North America could add 75 GW of wind power by 2025

According to MAKE’s latest wind power outlook for North America, unprecedented long-term policy certainty in the U.S., along with a new climate-conscious government in Canada, will enable nearly 75 GW of total wind power growth in the region from 2016 to 2025.

The production tax credit (PTC) in the U.S. was extended in December 2015 as a multiyear phaseout and will support a total of 44.4 GW of wind power additions from 2016 to 2021. However, as the value of the PTC phases down after 2018, several drivers must align to sustain wind power growth in the U.S. At the sub-regional level, Texas will lead wind power growth from 2016 to 2018, followed by the Plains and the Midwest.

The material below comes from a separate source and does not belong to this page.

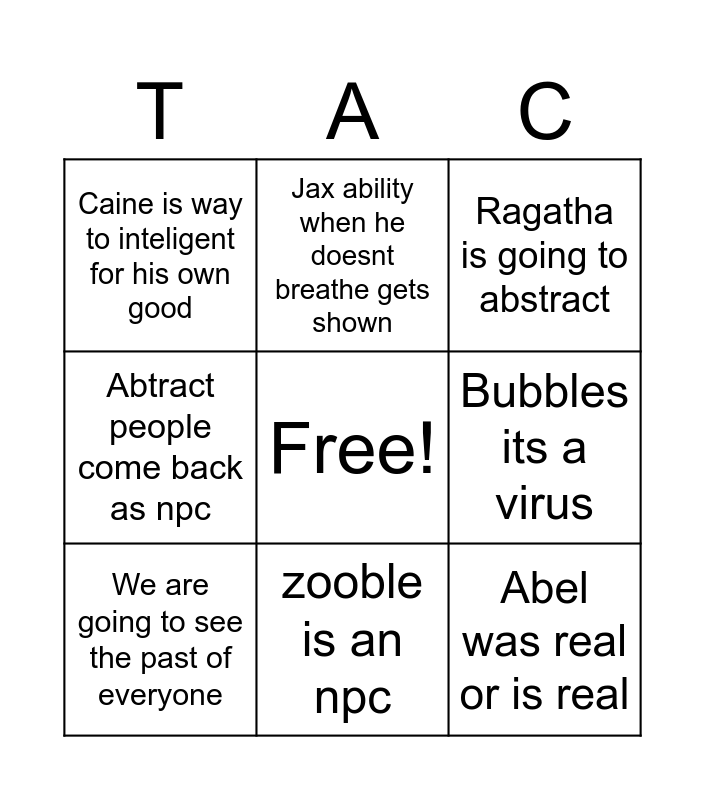 This bingo card has a free space and 8 words: Bubbles its a virus, Ragatha is going to abstract, Jax ability when he doesnt breathe gets shown, We are going to see the past of everyone, Caine is way to inteligent for his own good, Abel was real or is real, Abtract people come back as npc and zooble is an npc.

Turbine technology advancement and balance-of-plant cost reductions will continue to drive down the levelized cost of electricity (LCOE) of wind power and offset a portion of the lost PTC value from 2019. This will allow wind power to maintain a substantial share of new power generation demand, despite attractive costs for natural gas power and rising competition from solar photovoltaics. Last year, the U.S. alone added nearly 8.6 GW of new wind energy generation.

The Clean Power Plan (CPP) is the largest source of uncertainty in the U.S. outlook. Legal challenges remain a concern, especially following the recent Supreme Court decision to grant a stay for CPP implementation. Nevertheless, MAKE forecasts demand from the CPP to drive about 12% of the 10-year growth in wind capacity.

In Canada, energy policies, particularly at the provincial level, remain the most influential wind market drivers, although LCOE and electricity exports become increasingly significant in the latter half of the outlook. Election outcomes in 2015 and subsequent energy policy updates were largely favorable, but upgrades in certain provinces are partially offset by downgrades in others.